PGK1, a glycolytic enzyme, has been found to play a role in coordinating cellular processes crucial to cancer metabolism and brain tumor formation, according to results published in today's online issue of Molecular Cell. The findings may lay the groundwork for improved approaches to diagnosis and treatment of glioblastoma and other cancers.
The study, led by The University of Texas MD Anderson Cancer Center, showed that PGK1, which is associated with tumor metastasis and drug resistance, was instrumental in glycolysis and the citric acid cycle, both important for generating the energy that feeds cancer cells. The paper sheds further light on the Warburg effect, an enzymatic pathway that cancer cells employ to boost energy levels and produce cellular substances that lead to rapid cancer growth.
"The Warburg effect promotes tumor progression. Exactly how this is coordinated has remained elusive," said Zhimin Lu, M.D., Ph.D., professor of Neuro-Oncology. "Our study highlights that PGK1 acts as a protein kinase in coordinating glycolysis and the citric acid cycle in cancer metabolism and tumor formation."
Normal cells generate oxygen for survival via a relatively low rate of glycolysis, which converts glucose into the enzyme pyruvate. Pyruvate is used in the citric acid cycle (TCA), a series of chemical reactions that generate energy.
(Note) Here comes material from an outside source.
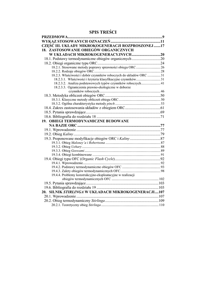 Spis treści 5 SPIS TREŚCI PRZEDMOWA...................................................................................................9 WYKAZ STOSOWANYCH OZNACZEŃ ....................................................11 CZĘŚĆ III. UKŁADY MIKROKOGENERACJI ROZPROSZONEJ .......17 18. ZASTOSOWANIE OBIEGÓW ORGANICZNYCH W UKŁADACH MIKROKOGENERACYJNYCH ..............................20 18.1. Podstawy termodynamiczne obiegów organicznych ..............................20 18.2. Obiegi organiczne typu ORC ..................................................................24 18.2.1. Stosowane metody poprawy sprawności obiegu ORC ............................ 26 18.2.2. Rodzaje obiegów ORC ............................................................................ 28 18.2.3. Właściwości i dobór czynników roboczych do układów ORC ............... 31 18.2.3.1. Właściwości i kryteria klasyfikacyjne czynników............................ 31 18.2.3.2. Analiza podstawowych typów czynników roboczych ...................... 41 18.2.3.3. Ograniczenia prawno-ekologiczne w doborze czynników roboczych ...................................................................... 46 18.3. Metodyka obliczeń obiegów ORC ..........................................................50 18.3.1. Klasyczne metody obliczeń obiegu ORC ................................................ 50 18.3.2. Ogólna charakterystyka metody pinch .................................................... 53 18.4. Zakres zastosowania układów z obiegiem ORC .....................................61 18.5. Pytania sprawdzające ..............................................................................69 18.6. Bibliografia do rozdziału 18 ...................................................................71 19. OBIEGI TERMODYNAMICZNE BUDOWANE NA BAZIE ORC .......................................................................................77 19.1. Wprowadzenie ........................................................................................77 19.2. Obieg Kaliny ...........................................................................................79 19.3. Proponowane modyfikacje obiegów ORC i Kaliny ................................87 19.3.1. Obieg Maloney’a i Robertsona ............................................................... 87 19.3.2. Obieg Uehary .......................................................................................... 88 19.3.3. Obieg Goswami ....................................................................................... 89 19.3.4. Obiegi kombinowane .............................................................................. 91 19.4. Obiegi typu OFC (Organic Flash Cycle)................................................92 19.4.1. Wprowadzenie......................................................................................... 92 19.4.2. Podstawy termodynamiczne obiegów OFC ............................................ 93 19.4.3. Zalety obiegów termodynamicznych OFC .............................................. 98 19.4.4. Problemy konstrukcyjno-eksploatacyjne w realizacji obiegów termodynamicznych OFC ...................................................... 102 19.5. Pytania sprawdzające ............................................................................103 19.6. Bibliografia do rozdziału 19 .................................................................103 20. SILNIK STIRLINGA W UKŁADACH MIKROKOGENERACJI ....107 20.1. Wprowadzenie ......................................................................................107 20.2. Obieg termodynamiczny Stirlinga ........................................................109 20.2.1. Teoretyczny obieg Stirlinga .................................................................. 110 6 Spis treści 20.2.2. Porównawczy obieg Rallisa dla silników Stirlinga ............................... 115 20.3. Zasada działania silnika Stirlinga .........................................................117 20.4. Podstawowe typy rozwiązań konstrukcyjnych silników Stirlinga .......120 20.4.1. Rozwiązanie konstrukcyjne typu alfa α ................................................ 121 20.4.2. Rozwiązanie konstrukcyjne typu beta β ................................................ 122 20.4.3. Rozwiązanie konstrukcyjne typu gamma γ ........................................... 123 20.5. Niekonwencjonalne rozwiązania konstrukcyjne silników Stirlinga .....125 20.5.1. Silnik Stirlinga z „tłokami cieczowymi” − fluidyna ............................. 125 20.5.2. Silnik termoakustyczny ......................................................................... 128 20.6. Teoretyczny obieg silnika Ericssona ....................................................130 20.7. Lewobieżne obiegi Stirlinga oraz Ericssona i ich praktyczne wykorzystanie ....................................................................133 20.7.1. Lewobieżny obieg Stirlinga .................................................................. 133 20.7.2. Lewobieżny obieg Ericssona ................................................................ 136 20.8. Wybrane przykłady zastosowań silników Stirlinga w mikrokogeneracji .............................................................................137 20.9. Pytania sprawdzające ............................................................................140 20.10. Bibliografia do rozdziału 20 ...............................................................141 CZĘŚĆ IV. WYBRANE PROBLEMY ENERGII ODPADOWEJ I AKUMULACJI ENERGII .....................................................145 21. GOSPODARKA ENERGIĄ ODPADOWĄ .........................................146 21.1. Wprowadzenie ......................................................................................146 21.2. Pojęcie energii odpadowej ....................................................................147 21.2.1. Definicja energii odpadowej .................

Cancer cells however produce energy by a high rate of glycolysis followed by lactic acid fermentation in the cell, a process that converts glucose into cellular energy and forms lactic acid. Normal healthy cells will bypass this fermentation process if oxygen is available. Malignant, rapidly growing tumors can experience glycolytic rates up to 200 times higher than those of healthy cells and will undergo lactic acid fermentation even in the presence of high oxygen levels.
"The Warburg effect is characterized by increased levels of glucose, lactate production and suppression of pyruvate metabolism in mitochondria," said Lu. "Exactly how this process is coordinated with cancer metabolism has been little understood."
Lu's team found that a cellular chain of events involving activation of cancer genes like EGFR, KRAS and B-Raf and the protein ERK, allowed PGK1 to "translocate" into the cell's mitochondria. Mitochondria are membrane-containing cell components crucial for producing energy. PGK1 acted as a protein kinase in mitochondria and activated a critical enzyme that inhibited the mitochondria's ability to use pyruvate, suppressed chemically reactive molecules containing oxygen and increased lactate levels.
"Our findings provided critical insight into the Warburg effect and demonstrates that PGK1 ultimately promotes cancer cell proliferation and tumor formation," said Lu. "It may help us to develop a molecular basis for improved diagnosis and treatment of cancer."
MD Anderson team participants included Xinjian Li, Ph.D., Yuhui Jiang, Ph.D., Weiwei Yang, Ph.D., Yanhua Zheng, Ph.D. and Yan Xia, Ph.D., all of Neuro-Oncology; and David Hawke, Ph.D. and Kenneth Aldape, M.D., Pathology. Other participating institutions included Shanghai Jiaotong University, China, and the Salk Institute for Biological Studies, La Jolla, Calif.
The study was funded by the National Institutes of Health (2R01 CA10935, 1R0CA169603, 2P50CA127001, 1R01NS089754, CA16672, and CA82683).